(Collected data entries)
--------
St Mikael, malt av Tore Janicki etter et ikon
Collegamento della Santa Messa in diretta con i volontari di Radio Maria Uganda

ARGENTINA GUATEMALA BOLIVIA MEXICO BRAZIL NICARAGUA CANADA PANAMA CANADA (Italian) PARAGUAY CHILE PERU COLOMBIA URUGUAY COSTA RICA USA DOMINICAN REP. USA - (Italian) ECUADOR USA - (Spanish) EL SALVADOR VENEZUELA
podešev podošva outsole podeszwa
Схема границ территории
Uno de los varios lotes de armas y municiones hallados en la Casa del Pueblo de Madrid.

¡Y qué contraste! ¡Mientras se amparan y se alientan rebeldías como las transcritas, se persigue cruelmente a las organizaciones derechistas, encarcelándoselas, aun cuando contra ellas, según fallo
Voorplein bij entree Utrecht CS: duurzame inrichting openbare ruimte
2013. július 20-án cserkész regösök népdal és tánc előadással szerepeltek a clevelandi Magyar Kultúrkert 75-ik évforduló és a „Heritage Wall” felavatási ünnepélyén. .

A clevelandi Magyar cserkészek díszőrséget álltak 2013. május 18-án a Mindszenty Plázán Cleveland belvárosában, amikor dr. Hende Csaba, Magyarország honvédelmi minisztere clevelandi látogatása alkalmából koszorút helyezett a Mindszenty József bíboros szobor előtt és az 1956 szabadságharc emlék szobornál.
--------
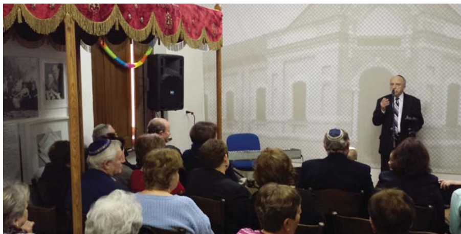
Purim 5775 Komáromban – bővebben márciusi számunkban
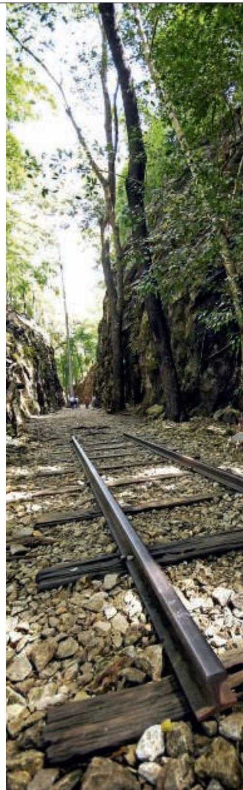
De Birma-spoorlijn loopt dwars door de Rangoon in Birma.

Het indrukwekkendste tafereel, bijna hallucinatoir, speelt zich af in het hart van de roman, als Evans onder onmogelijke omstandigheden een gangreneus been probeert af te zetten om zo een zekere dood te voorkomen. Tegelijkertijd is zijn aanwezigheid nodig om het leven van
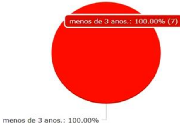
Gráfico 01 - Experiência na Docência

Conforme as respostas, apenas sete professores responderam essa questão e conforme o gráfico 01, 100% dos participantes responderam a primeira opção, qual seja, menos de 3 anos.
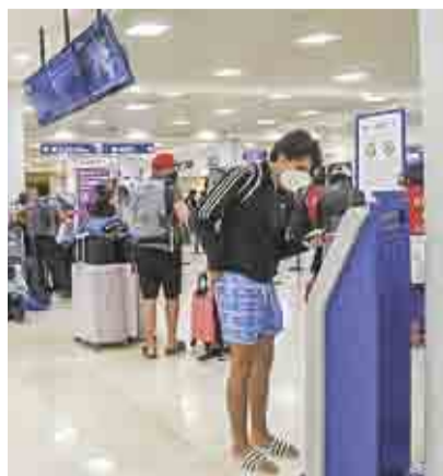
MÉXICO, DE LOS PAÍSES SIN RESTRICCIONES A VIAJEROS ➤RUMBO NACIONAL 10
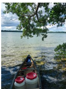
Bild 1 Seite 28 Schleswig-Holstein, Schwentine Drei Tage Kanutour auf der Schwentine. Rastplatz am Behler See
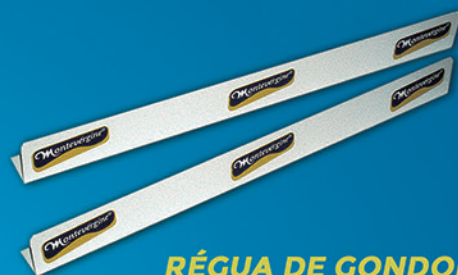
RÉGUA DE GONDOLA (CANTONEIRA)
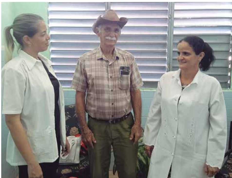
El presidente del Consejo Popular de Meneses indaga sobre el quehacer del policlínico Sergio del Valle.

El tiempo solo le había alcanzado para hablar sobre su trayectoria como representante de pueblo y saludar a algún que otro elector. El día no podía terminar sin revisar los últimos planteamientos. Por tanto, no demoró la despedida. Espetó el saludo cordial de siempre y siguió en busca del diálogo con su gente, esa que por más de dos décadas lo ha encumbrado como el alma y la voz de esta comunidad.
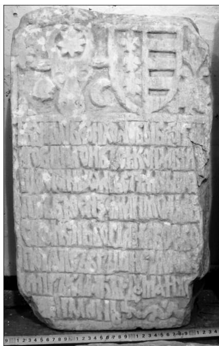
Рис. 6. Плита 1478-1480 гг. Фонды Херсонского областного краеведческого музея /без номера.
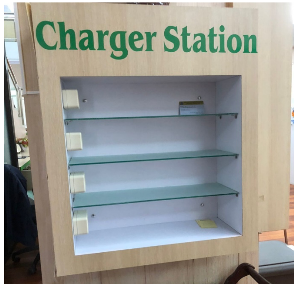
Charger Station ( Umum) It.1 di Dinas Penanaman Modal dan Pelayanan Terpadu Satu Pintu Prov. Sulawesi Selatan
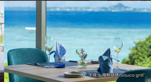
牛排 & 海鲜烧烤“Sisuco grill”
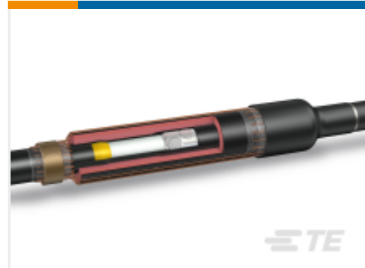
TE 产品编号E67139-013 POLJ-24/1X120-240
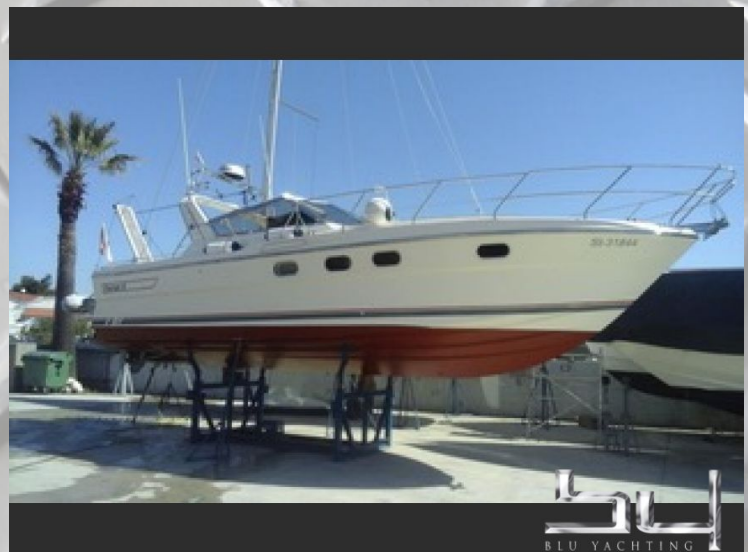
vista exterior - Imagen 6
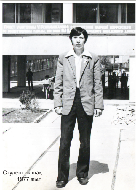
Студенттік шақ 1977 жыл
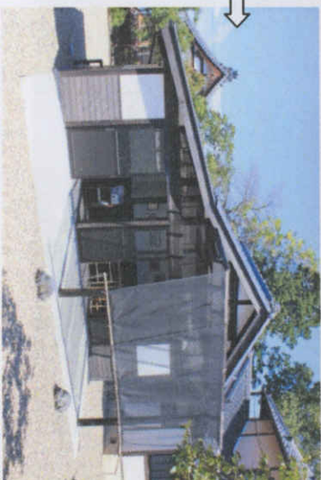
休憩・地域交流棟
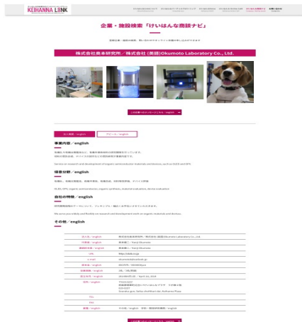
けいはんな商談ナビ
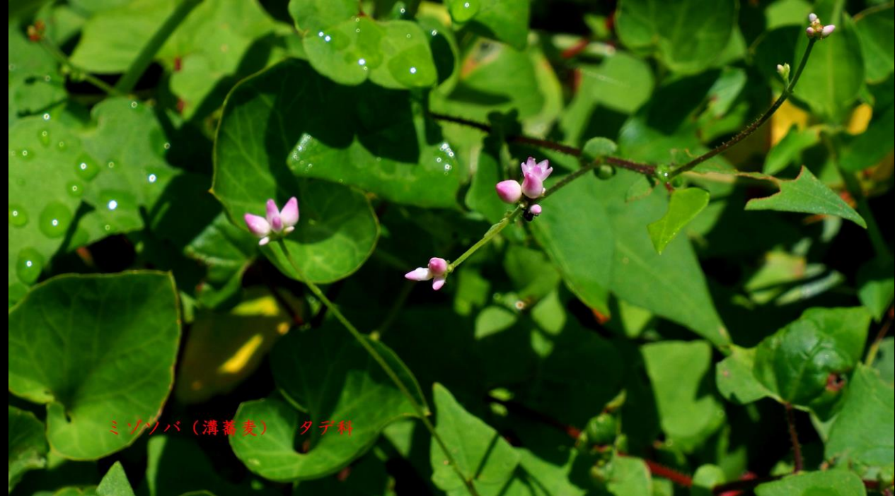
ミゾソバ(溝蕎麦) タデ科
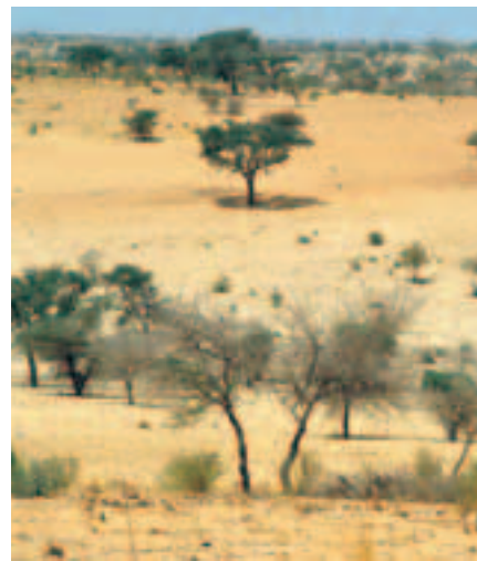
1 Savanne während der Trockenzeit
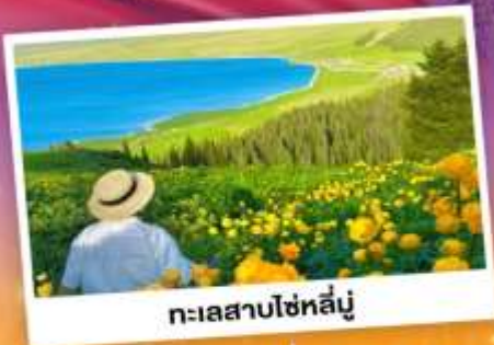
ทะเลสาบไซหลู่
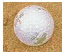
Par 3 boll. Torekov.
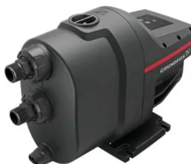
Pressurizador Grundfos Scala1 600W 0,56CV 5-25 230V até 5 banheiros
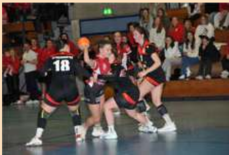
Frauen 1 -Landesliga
--------
* _TASK DESCRIPTION_: What to print is the stretch of entries from the line with "Pressurizador Grundfos Scala1" up to and including the line with "Frauen 1 -Landesliga". Please print it exactly and leave out the pictures.

* _ANSWER SECTION_:
Pressurizador Grundfos Scala1 600W 0,56CV 5-25 230V até 5 banheiros
Frauen 1 -Landesliga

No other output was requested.